Dose of History – A Brief History of Drug Advertising and Regulation

Prior to 1906, the medicine market looked very different than it does today. Prescriptions were not necessary and patients were generally able to self-medicate without consulting a doctor or pharmacist. The actual contents of medicines were not always known to the buyer as the manufacturers were not obligated to make their proprietary formulas public. As a result, the composition of many solutions on the market during this period have been lost to time. However, it was quite common for these medicines to contain opiates, alcohol, and other intoxicants. Drugs of this kind were called “patent medicines” and were often distinguished from drugs compounded and sold by a trained pharmacist. Although they had existed since the 17th century, the patent medicine industry boomed in the late 1800s largely due to the growth of mass media. Patent medicine manufacturers were some of the most aggressive advertisers in newspapers and magazines and often relied on this advertising and name recognition to win over customers. Advertisements were also distributed by mail, and most medicine could be purchased via mail.

There was almost no legislation restricting how these advertisements were conducted, meaning that many medicines were advertised with little concern for how effective they actually were. Many advertisements feature rather outlandish claims–for instance, one advertisement for “Dr. Hand’s Remedies for Children” describes its effects as “magical” and claims it “instantly relieves the babe” of all pain and bowel issues. As this ad suggests, mothers were a fairly common target for patent medicine advertisements, and imagery of shrieking infants turned calm by a certain remedy figure prominently.

As the patent medicine industry grew, so did the movement against it. Most pharmacists had long scorned the patent medicine industry for its lack of professional oversight and its perceived delegitimization of the occupation of pharmacy. The late 19th century also saw the growth of the Progressive movement, which sought to redefine the role of the federal government to provide better protection for consumers. Concurrent with the development of the Progressive movement was the growth of the Temperance movement, which blamed the patent medicine industry, in particular its advertising directed towards mothers, for the creation of alcoholics and addicts from an early age. These political and cultural movements culminated in the passage of the Pure Food and Drug Act in 1906, which set up standards of quality which would be enforced by the federal government.

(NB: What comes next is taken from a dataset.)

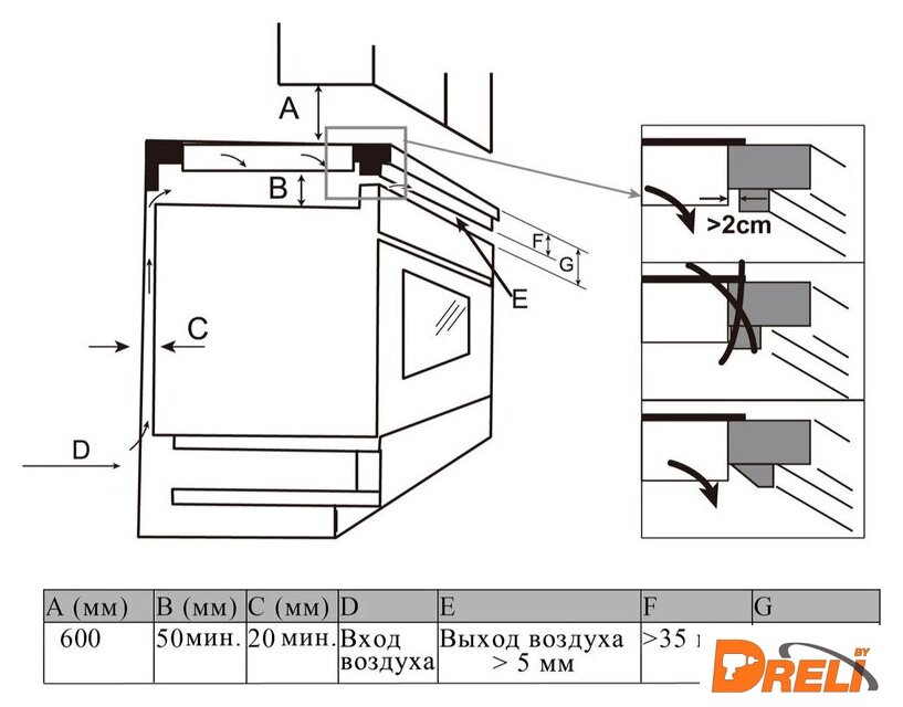 Размеры ниши для встраивания |

The Pure Food and Drug Act also resulted in significant changes in labelling and advertisement. It required certain substances such as cocaine, heroin, and chloroform to be listed on the label if the medicine contained them. The act also prohibited drugs which misrepresented their contents to consumers and, in theory, provided consumers some protection against false claims made in advertising. Some medicine manufacturers took advantage of this act and spun it as an unofficial endorsement of purity from the federal government in their advertisements.

For the next thirty years or so, the country would operate under the Pure Food and Drug Act as the only piece of federal legislation regulating drug advertisement. Despite the lack of new regulation, the early 20th century remained a period of significant change for drug advertising. The political and moral backlash against patent medicines led to their gradual decline to the advantage of the pharmaceutical industry. One article published by the American Medical Association in 1919 advises against the use of patent medicines, demonstrating a conscious effort to consolidate authority of the administration of medicine to medical professionals. This drive continued into the 1930s, with the National Association of Retail Druggists publishing pamphlets criticizing self-medication and encouraging pharmacists to write more prescriptions. Of course, patent medicines did not simply cease to exist–arguably, they still exist in some form in the modern day–but their prominence in the medical market was steadily diminishing.

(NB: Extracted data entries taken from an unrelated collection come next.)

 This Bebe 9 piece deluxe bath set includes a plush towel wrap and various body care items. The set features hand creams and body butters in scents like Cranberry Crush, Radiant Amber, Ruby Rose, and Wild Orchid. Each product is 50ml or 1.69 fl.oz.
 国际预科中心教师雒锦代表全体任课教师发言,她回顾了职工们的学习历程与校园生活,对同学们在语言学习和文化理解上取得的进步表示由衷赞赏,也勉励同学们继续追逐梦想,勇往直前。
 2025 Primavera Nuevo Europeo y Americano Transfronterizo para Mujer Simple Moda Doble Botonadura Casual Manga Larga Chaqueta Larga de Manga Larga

This shift towards professionalization of the drug industry was reflected in advertising. By the 1930s, advertising for certain drugs such as antibiotics were directed exclusively to pharmacists. These ads appeared in trade magazines and medical journals that the general public was unlikely to read. However, restrictions on these advertisements were still rather lax. There were no requirements to note the potential side effects or dangers of the drugs. Moreover, there was no oversight for how the drug was advertised, meaning that a drug could be advertised for a purpose that it wasn’t really well suited for. Amphetamines, for instance, were often billed as appetite suppressants and antidepressants, and advertising for them does not note the risk of psychosis. As a result, cases of amphetamine psychosis would see a significant rise in the mid-20th century until the prescription of amphetamines was regulated under the Controlled Substances Act of 1970. Many drugs which were considered less “heavy-duty”, such as cough syrup and aspirin, were still advertised to consumers. This type of advertising was commonly printed on the backs of matchbooks, a practice which continued well into the 1950s.

An ad for St. Joseph’s Aspirin printed on the back of a matchbook from the Edward Kremers Research Library and Archive.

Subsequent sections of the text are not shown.